Revenues at Corrib Gas operator Vermilion's 'high margin’ Irish business last year dipped by 6.7% to €205.1m.
That is according to the 2023 annual report for the Canadian headquartered Vermilion Energy which confirms that production at Corrib Gas was hit in the third quarter of last year due to planned maintenance downtime.
The revenues of C$302.4m for 2023 compare to revenues of C$324.34m for 2022 - a drop of C$21.94m.
However, 2023 revenues of C$302.4m remained 41% ahead of 2021 revenues of C$214.4m.
With the outbreak of the Ukraine war in February 2022, Vermilion has benefited like other energy producers with the sharp increase in gas prices with the annual report referring to "premium priced European gas".

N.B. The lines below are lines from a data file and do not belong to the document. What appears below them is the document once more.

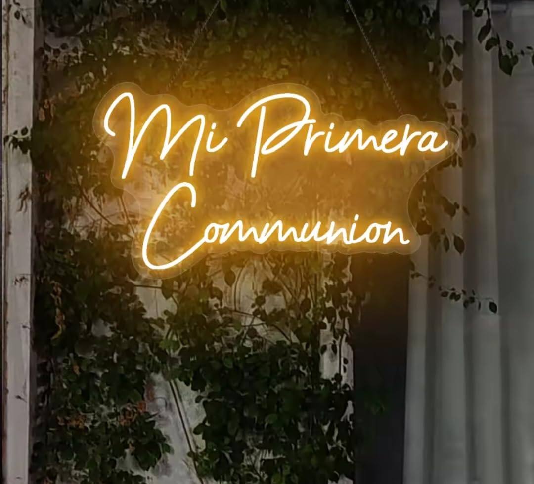 - DISEÑO PERSONALIZADO: Letrero de neón LED con texto 'Mi Primera Communion' en elegante caligrafía cursiva y luz cálida dorada
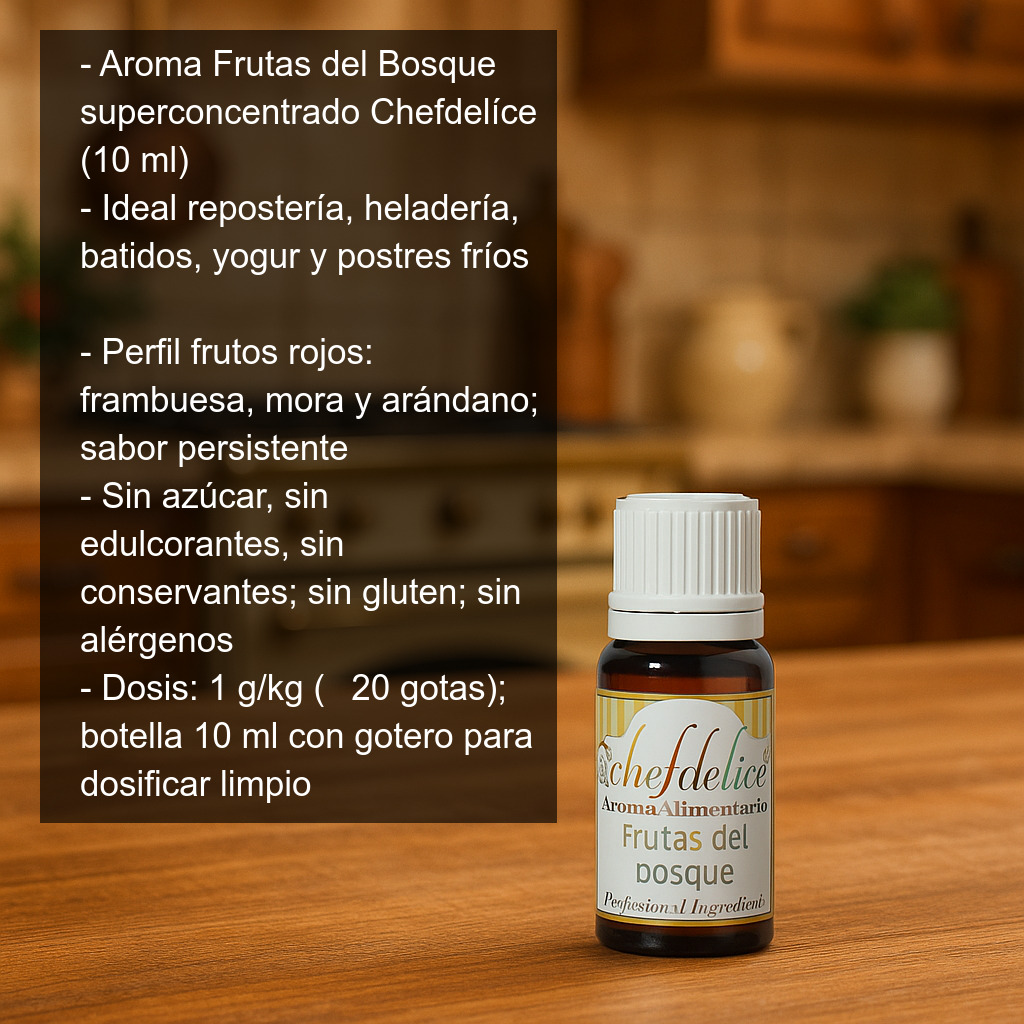 Su perfil recuerda a una mezcla de frutos rojos y del bosque (tipo frambuesa, mora y arándano), aportando un sabor “redondo” y persistente con muy poca cantidad. Es perfecto para recetas en las que buscas un sabor a frutas del bosque definido sin añadir azúcar ni modificar la textura de la masa o la crema.
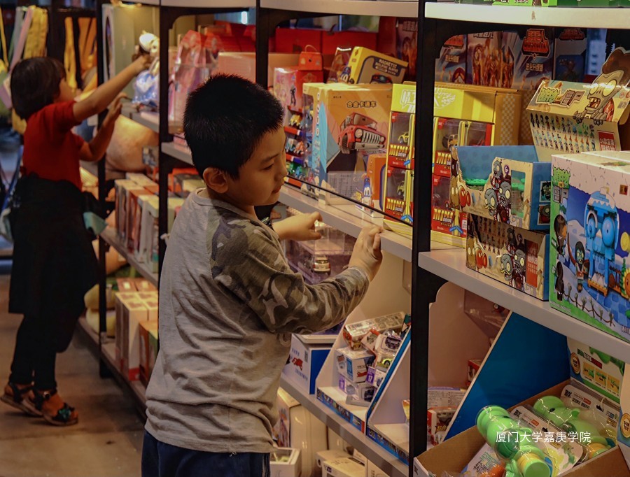 在女生喜欢的装扮玩具前,小女孩挑选着自己的小小喜欢
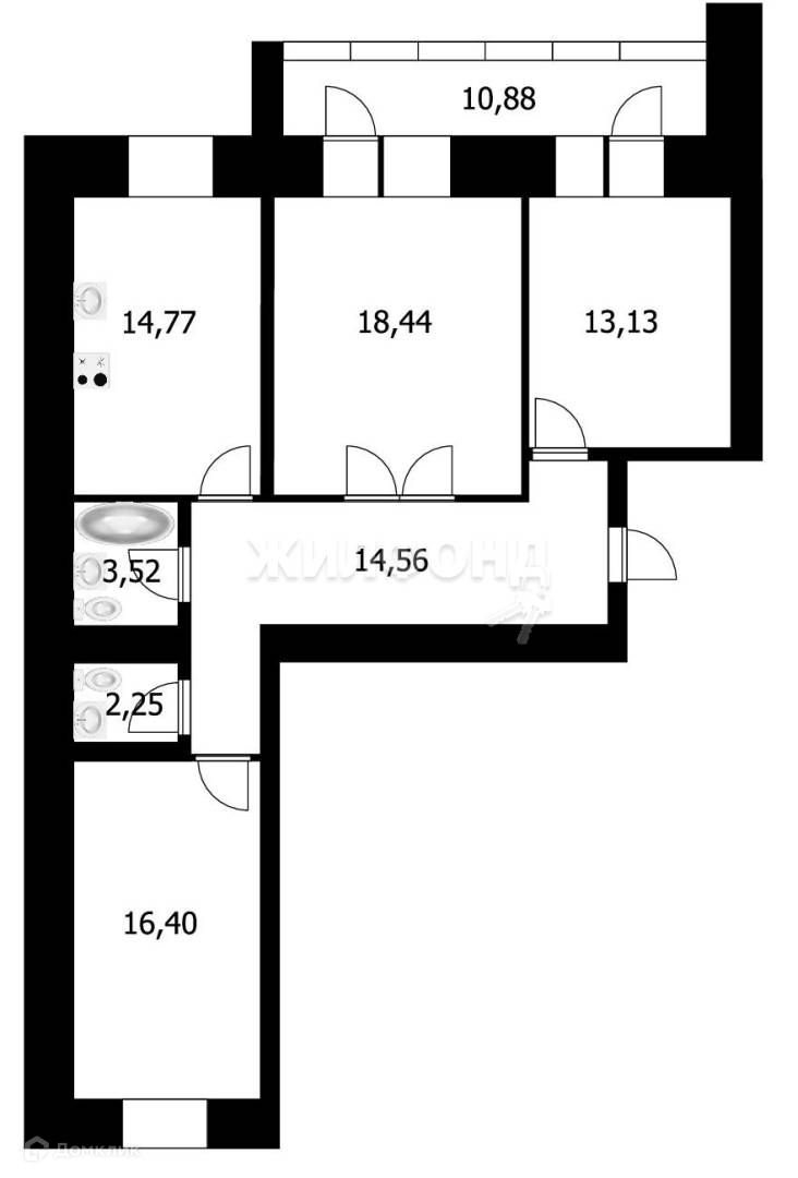 3-комнатная квартира, 82 м2, этаж 4 / 10, на продажу в Новосибирске, улица Аникина, 37/1

The price of gas did decline last year and this contributed to global revenues at Vermilion declining by 42% from Can$3.476bn to Can$2.2bn.
The Corrib gas field contributes up to 29% of Ireland’s natural gas consumption and 100% of the country’s gas production.
The Corrib field is located approximately 83 kilometres off the coast of County Mayo, in 350 metres of water. The distance from the seabed to the Corrib reservoir is a further 3,000 metres.
The annual report shows that operating expenses at the firm’s Irish unit more than doubled from C$16.58 million in 2022 to C$39.46 million last year.
Transportation costs at the Corrib Gas project for Vermilion nearly doubled from C$3.57m to C$7.09m.
At the end of March last year, Vermilion became the country’s largest provider of domestic natural gas here with it acquired Equinor’s 36.5% interest in Corrib Gas giving it an operating interest of 56.5%.
The report states that the new assets acquired contributed revenues net of royalties last year of C$161.7m and net earnings of $43.6m.
The report confirms that Vermilion paid out C$488.89m in cash for the 36.5% share of the business.
The C$488.89m in cash is calculated by a value of net assets acquired C$928.38m less a C$439.48m "gain on business combination".
The gain on business combination when the purchase agreement was entered into in November 2021 and when the acquisition closed in March 2023 occurred "due to significant increases in European natural gas prices throughout 2022 and Q1 2023".